→ **Problem to solve**: Take the entries below and print, exactly, the stretch from the line containing "通过多维度分析(技术面(盘中实时 MA/多头排列)+ 筹码分布" through the line containing "Henry Collar Raglan", both included.

→ **Data for the task**:
______________________________

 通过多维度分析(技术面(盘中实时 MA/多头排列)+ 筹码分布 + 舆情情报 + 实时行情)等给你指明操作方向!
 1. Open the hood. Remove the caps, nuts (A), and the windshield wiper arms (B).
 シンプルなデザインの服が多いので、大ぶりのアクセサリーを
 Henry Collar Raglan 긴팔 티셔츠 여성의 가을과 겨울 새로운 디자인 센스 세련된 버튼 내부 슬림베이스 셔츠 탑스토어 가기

______________________________

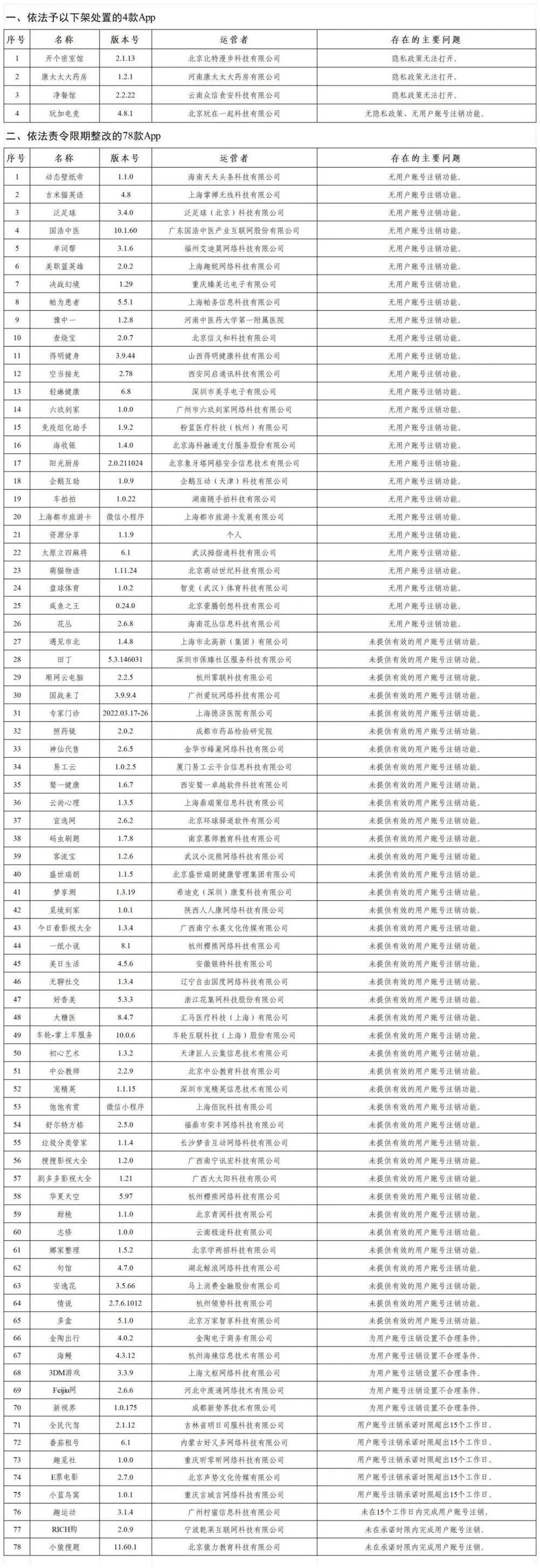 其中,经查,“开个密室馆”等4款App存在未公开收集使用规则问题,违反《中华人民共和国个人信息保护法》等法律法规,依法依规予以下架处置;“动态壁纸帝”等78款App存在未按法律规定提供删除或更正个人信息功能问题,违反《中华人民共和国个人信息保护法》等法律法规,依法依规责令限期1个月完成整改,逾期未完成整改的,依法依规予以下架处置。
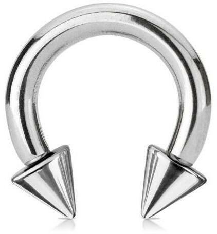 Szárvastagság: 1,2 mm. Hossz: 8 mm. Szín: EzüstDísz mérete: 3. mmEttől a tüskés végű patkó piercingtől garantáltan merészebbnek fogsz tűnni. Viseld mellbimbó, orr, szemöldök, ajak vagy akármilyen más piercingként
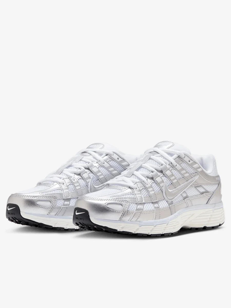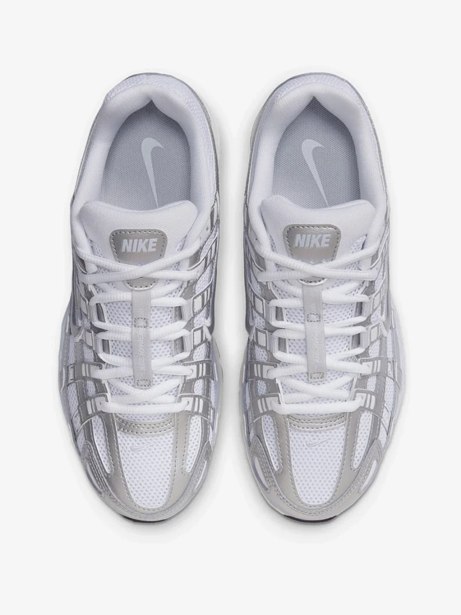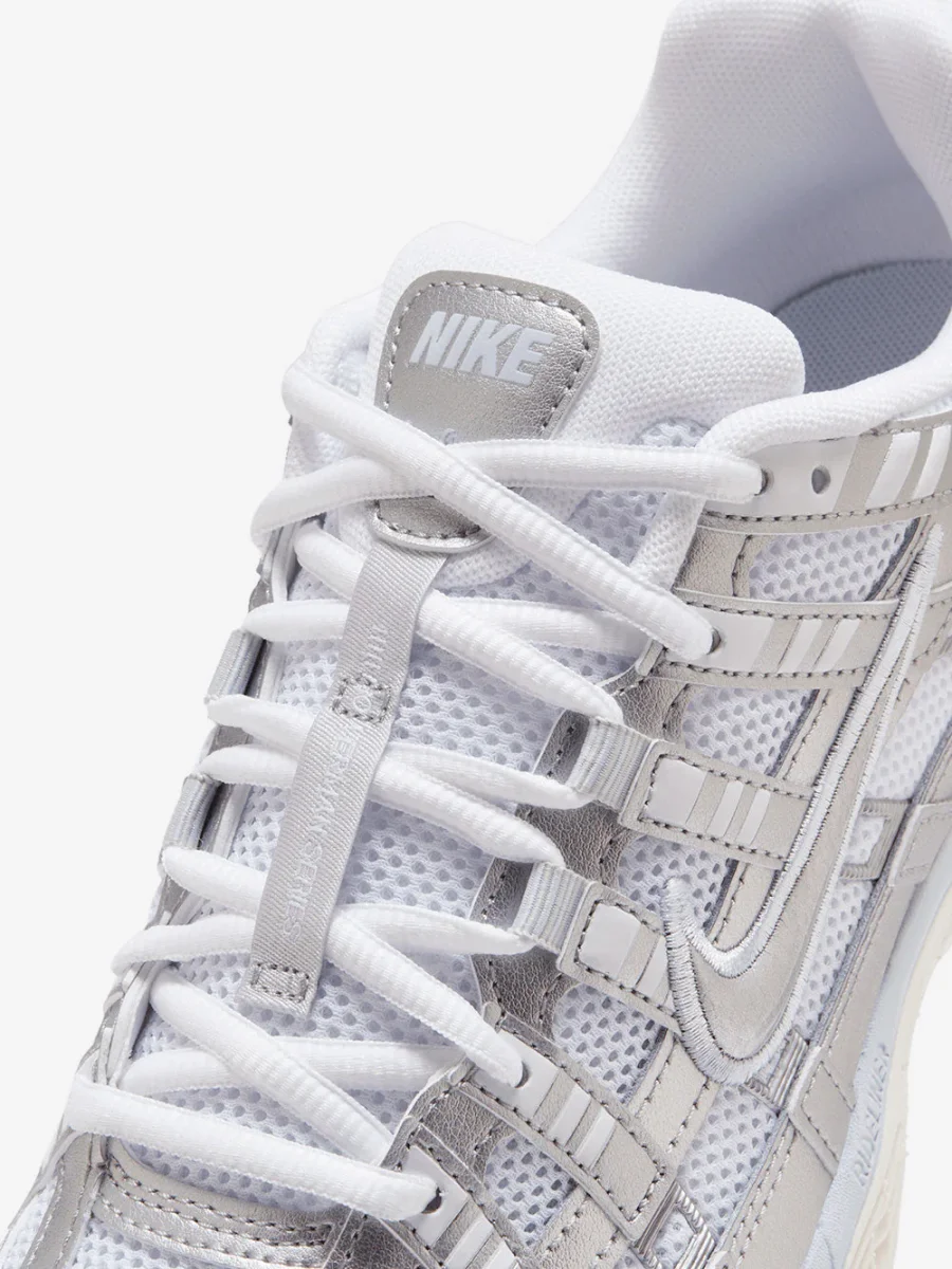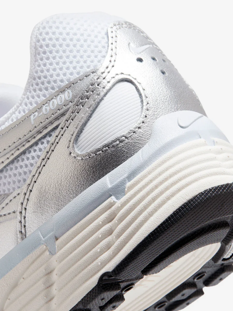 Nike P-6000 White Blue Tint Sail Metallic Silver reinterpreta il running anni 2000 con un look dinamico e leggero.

______________________________

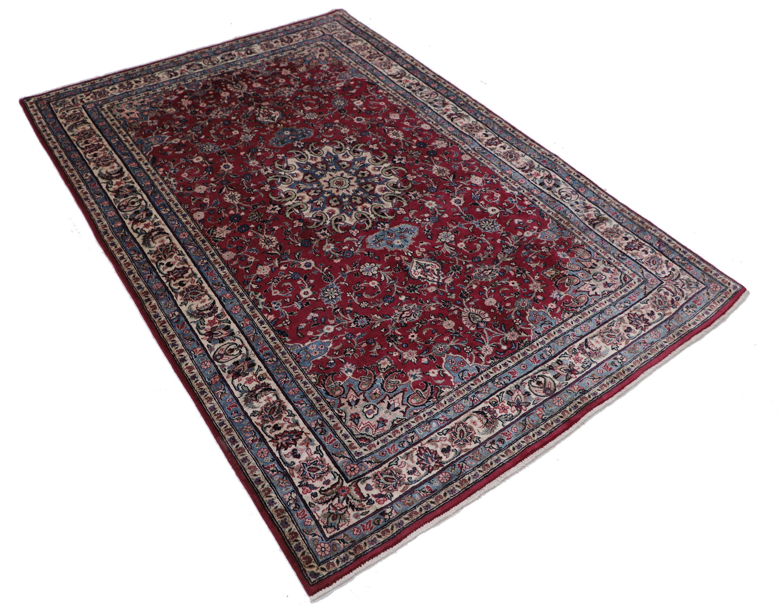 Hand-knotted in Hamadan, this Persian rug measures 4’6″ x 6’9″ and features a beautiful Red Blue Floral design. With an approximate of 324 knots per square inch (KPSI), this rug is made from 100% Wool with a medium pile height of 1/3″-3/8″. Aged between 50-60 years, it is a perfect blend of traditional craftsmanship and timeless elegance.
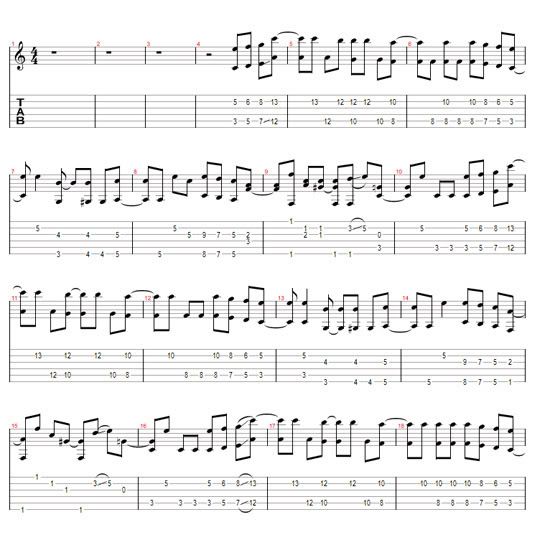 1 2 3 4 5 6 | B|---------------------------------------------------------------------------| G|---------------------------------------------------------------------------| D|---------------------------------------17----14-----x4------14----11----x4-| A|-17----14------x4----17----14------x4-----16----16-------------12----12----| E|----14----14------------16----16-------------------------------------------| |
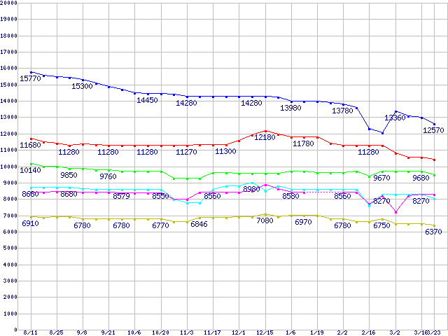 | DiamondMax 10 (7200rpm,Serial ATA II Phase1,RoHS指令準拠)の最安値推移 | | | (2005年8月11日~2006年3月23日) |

______________________________

→ **Answer for this exercise**:
 通过多维度分析(技术面(盘中实时 MA/多头排列)+ 筹码分布 + 舆情情报 + 实时行情)等给你指明操作方向!
 1. Open the hood. Remove the caps, nuts (A), and the windshield wiper arms (B).
 シンプルなデザインの服が多いので、大ぶりのアクセサリーを
 Henry Collar Raglan 긴팔 티셔츠 여성의 가을과 겨울 새로운 디자인 센스 세련된 버튼 내부 슬림베이스 셔츠 탑스토어 가기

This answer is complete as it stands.